We are left with the question of whether this correspondence itself contributed to what Eden himself felt was a misunderstanding between the two men. Did Eden read too much -or too little -between the lines of a presumed friendship? Would formal diplomatic channels not have been less open to misinterpretation?
Convention holds that the art of letter-writing is both noble and dead. Boyle comments on the "contrast to email and the coarser forms of instant communication of later times". He finds in the letters "a yearning for a lost art and a gentler, more courteous means of interchange of views and ideas". The dealings of great men are, by implication, more reliable when conducted by the pen than by the voice, or that epistolary travesty, the email.
I find this view similar to that of a Victorian romantic harking back to the days of knightly jousting, when men were brave and the lance more intimate than the Maxim gun.
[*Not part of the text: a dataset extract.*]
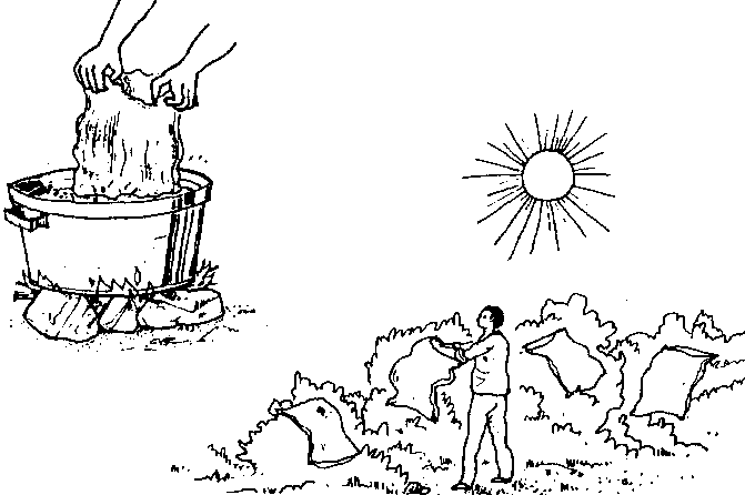 A method that has been found satisfactory in North Nigeria (a dry area) is that of storing threshed cowpeas in sealed plastic bags with cotton liners; the cotton prevents emerging insects from perforating the plastic bag.

The Eden-Eisenhower letters could well be seen as a case history of the danger of allowing statesmen to deal informally in matters of peace and war.
Clearly they could not be secret. Most appear to have been dictated personally by the principals, edited by secretaries, then signed. But during the Suez crisis they were clearly substantive policy statements. Many were apparently drafted by officials, and circulated round departments for comment before transmission. The contents had to be accurate since they were speaking parts in the drama of events.
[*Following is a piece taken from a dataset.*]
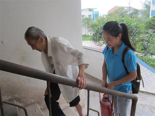 郑玉书老人,82岁,日月如梭,没有子女的孤寡老人来到敬老院已经10余年,志愿者见他提着水壶迈着不快的步伐,帮助他进屋子。屋子里有两间床,但老人却是一个人住在这里,志愿者们询问老人在敬老院是否如意时知道,老人在改革开放时候是搞文娱方面的,见到屋子墙壁上挂着二胡,“我们以前经常回到乡场演出”老人说道。老人因为腿脚不方便,无聊时会拉二胡怀念过去。

But they remained cursory. They could not be balanced expressions of the totality of understanding between two governments. Like email "flares", they risked a built-in bias against understanding.
Letters between statesmen are not as between lovers or business partners. These missives were critical and time-sensitive. They contained many pleasantries about health and holidays, spouses and colleagues. But for the most part they are exchanges of importance. Despite their illusion of comradeship, they lack the immediacy and nuance of the telephone. It is astonishing that Eden and Eisenhower could exchange five letters and not one phone call on ultimatum day, October 30.
Small wonder there are mentions of messages "crossing with yours".
Whether or not the Eden-Eisenhower correspondence contributed to the collapse of Anglo-American relations over Suez, it was clearly unable to restore them. It is significant that Eden came to crave a personal meeting, which Eisenhower felt obliged to deny him. For all the sophistication of electronic communication, the greatest innovation in diplomacy since Suez has been in summit conferences, in regular face-to-face meetings. In five centuries, no one has been able to improve on the Field of the Cloth of Gold, well replicated by the extravaganzas of the G7.
Suez was the coda to Britain's imperial era. Dulles's predecessor, Dean Acheson, was able to reflect that Britain had "lost an empire but not found a role". But connoisseurs of historical irony may smile. As similar tensions surface in the region again, the roles of Europe and America during Suez seem eerily reversed. We are left wondering with Hegel whether governments ever learn from history. They stumble across the well-trodden sand as if visiting it for the first time. As these letters show, they make the identical mistakes. But now they leave only coffee cups. Sofa diplomacy deposits no sofa correspondence in the archive.